Example - if you use MFC - you can show that programming a simple task in MFC is 3 times slower than in winforms. so after x months, the benefit from not upgrading will be lost.

with equipment it is even easier, as the older the equipment gets, the more mal-functions there are and it is easy to show (usually after the 3 years covarage everything starts to break, and I think it's planned like this. it didn't use to be but these days it does).

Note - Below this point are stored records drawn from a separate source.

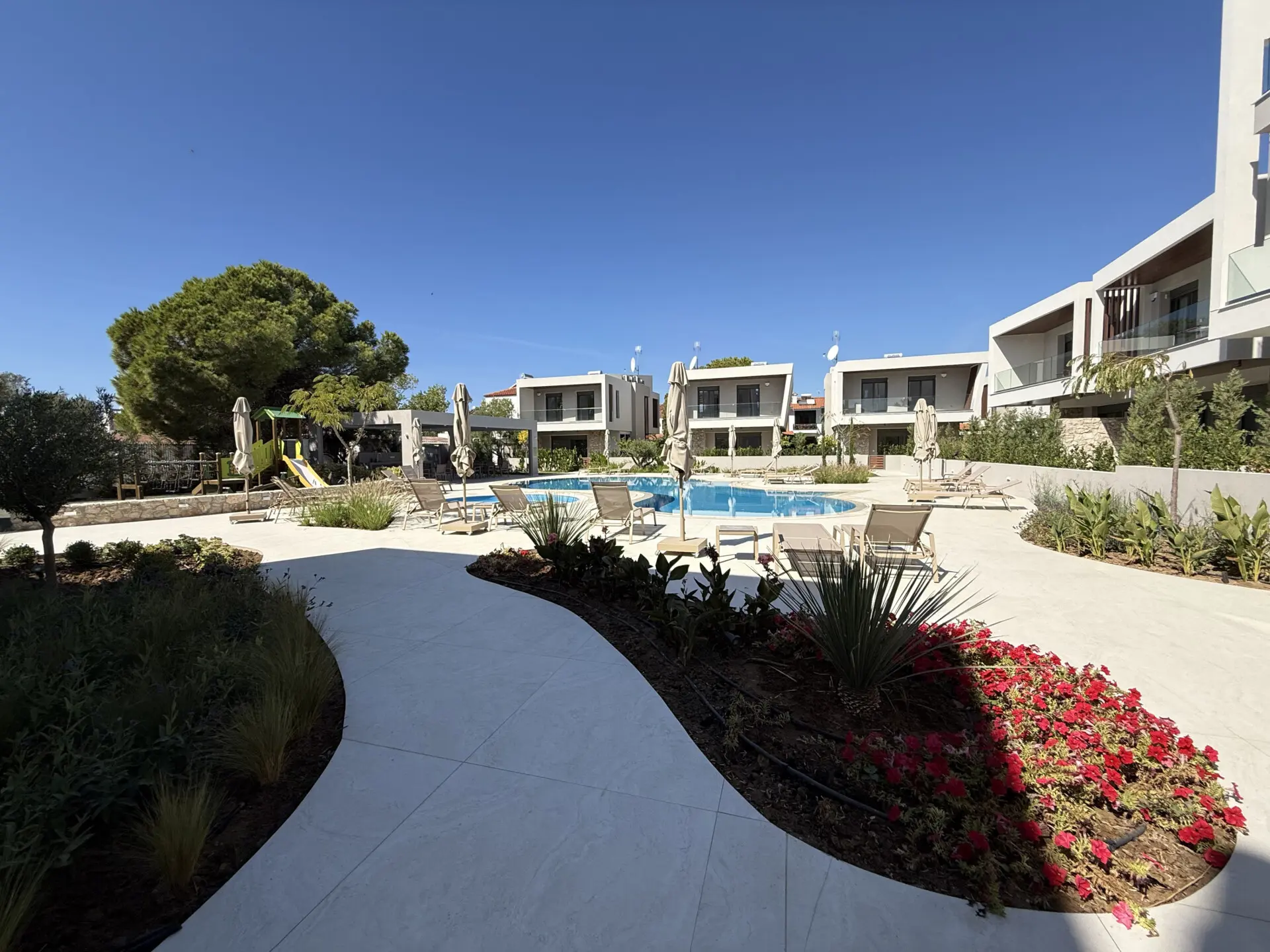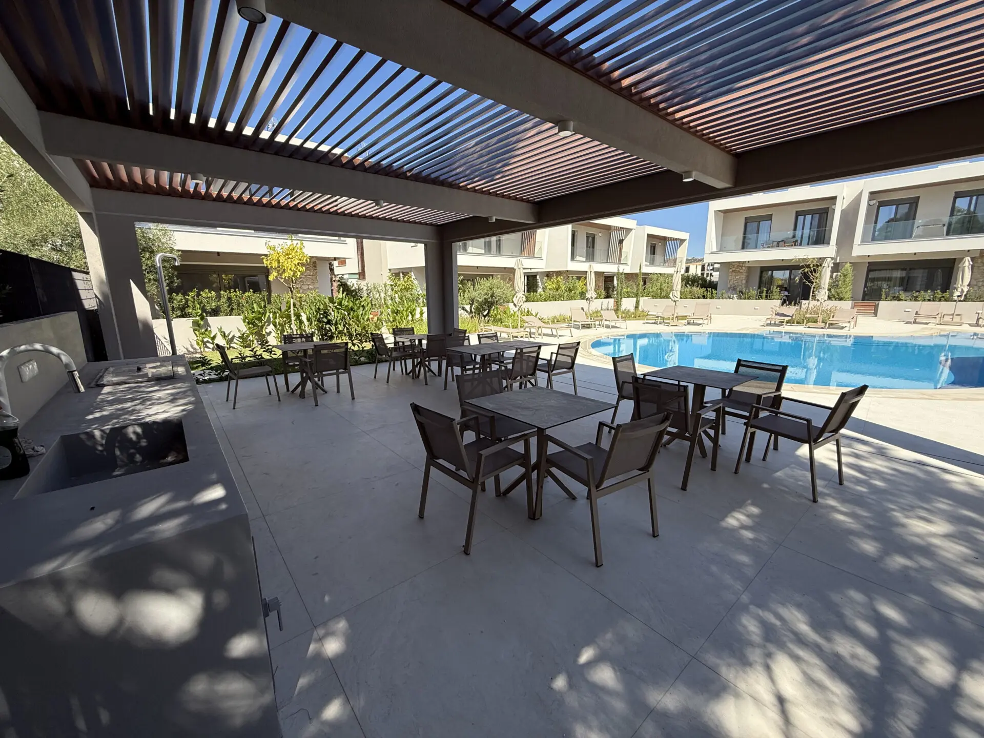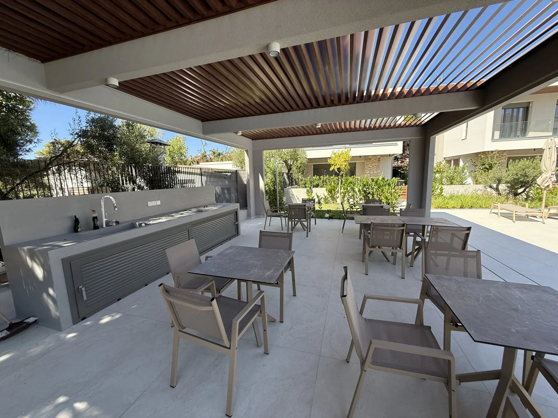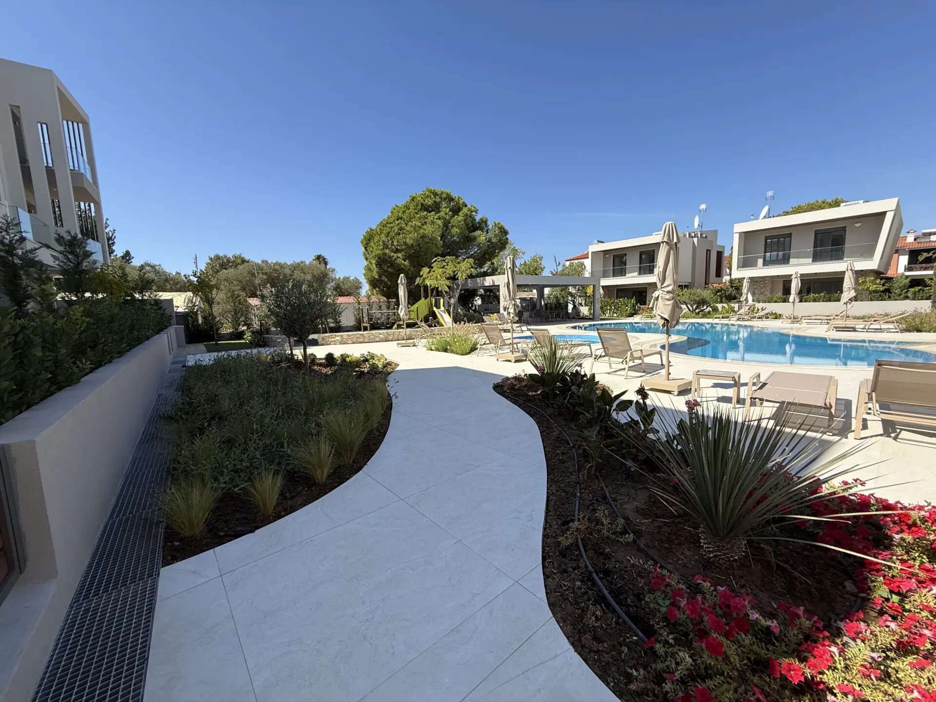 Kompleks kombinuje moderan dizajn sa prirodnim lepotama Halkidikija. Čiste linije, zemljana paleta boja i upotreba prirodnog kamena stvaraju osećaj harmonije sa okruženjem, pružajući stanovnicima jedinstveno i mirno utočište. Ako tražiš rezidenciju blizu mora, sa odličnim kvalitetom gradnje i modernim elementima, Kompleks je idealan izbor za tebe.
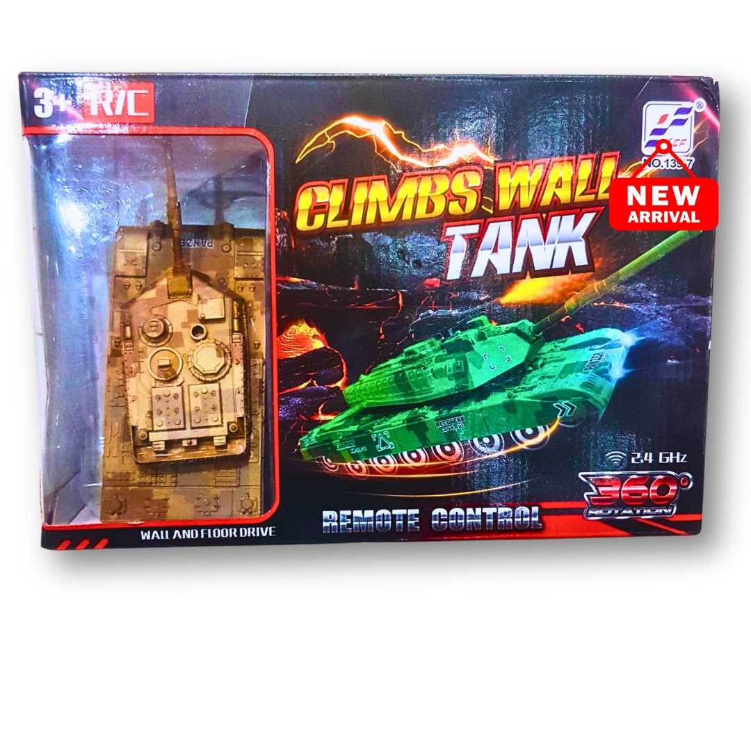🚜 Take the battlefield to new heights with the Wall-Climbing Remote Control Tank! This incredible RC tank climbs walls, ceilings, and floors using advanced suction technology, making it an exciting toy for kids aged 3+. With 360° rotation, 2.4 GHz remote control, and smooth movement, this tank guarantees action-packed fun for adventure lovers!
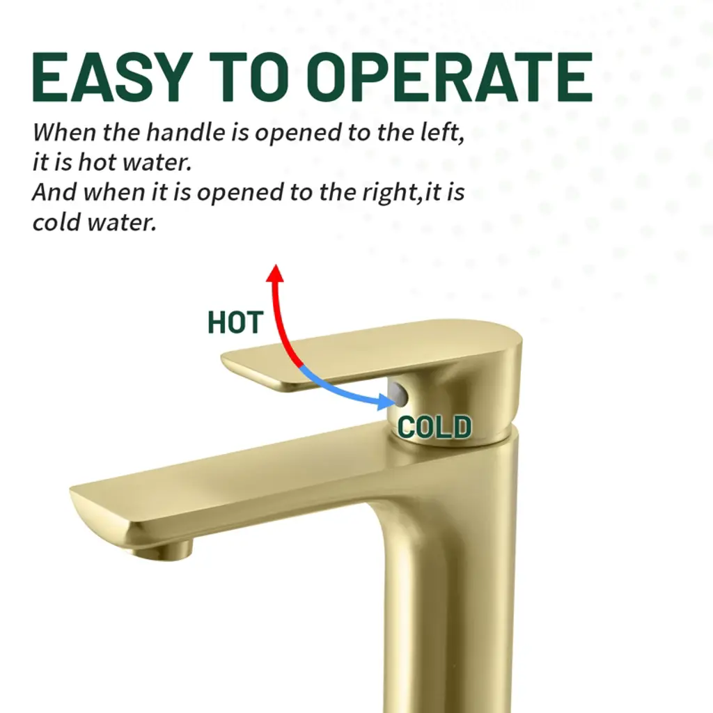 This single handle bathroom faucet is made of high-quality copper material with durable and long-lasting structure, as well as elegant and stylish modern design, which is able to adapt to a variety of bathroom environments and naturally blend with common bathroom decorative styles, from the structure to the design, this faucet is the right choice for your bathroom.

with infrastructure - again - if you have oracle 7.6 - show how much more time (money) you spend on administration and how less will be spent in 11g.

ect. ect. ect.

eventually manager wants to see ROI... TCO... BLA BLA BLA so you need to give them that.

Dani
There is something more.. it used to add something to my claims in my last position, if good people get bored with old technology, good people won't stay.
Dani
i agree with all points above, but i am trying to figure out the best way to visualize this . . .
ooo
Excel Graphs.... or whatever you use. show that staying in same place will cost more money in the long term, and add the "un-messured" factor of HR - that can't be measured directly by money, but effects the team performance...
Dani
+2  A: 

Being a bit cynical about it, I would say phrase every thing in terms of money. If you can't re-write your technical agenda in terms of money made or money saved, then why are you doing it at all?

Also, there is an article on "technical debt in financial terms" that I found very useful at:

http://forums.construx.com/blogs/stevemcc/archive/2007/11/01/technical-debt-2.aspx

One of the more interesting points, to me, is "One of the important implications of technical debt is that it must be serviced, i.e., once you incur a debt there will be interest charges."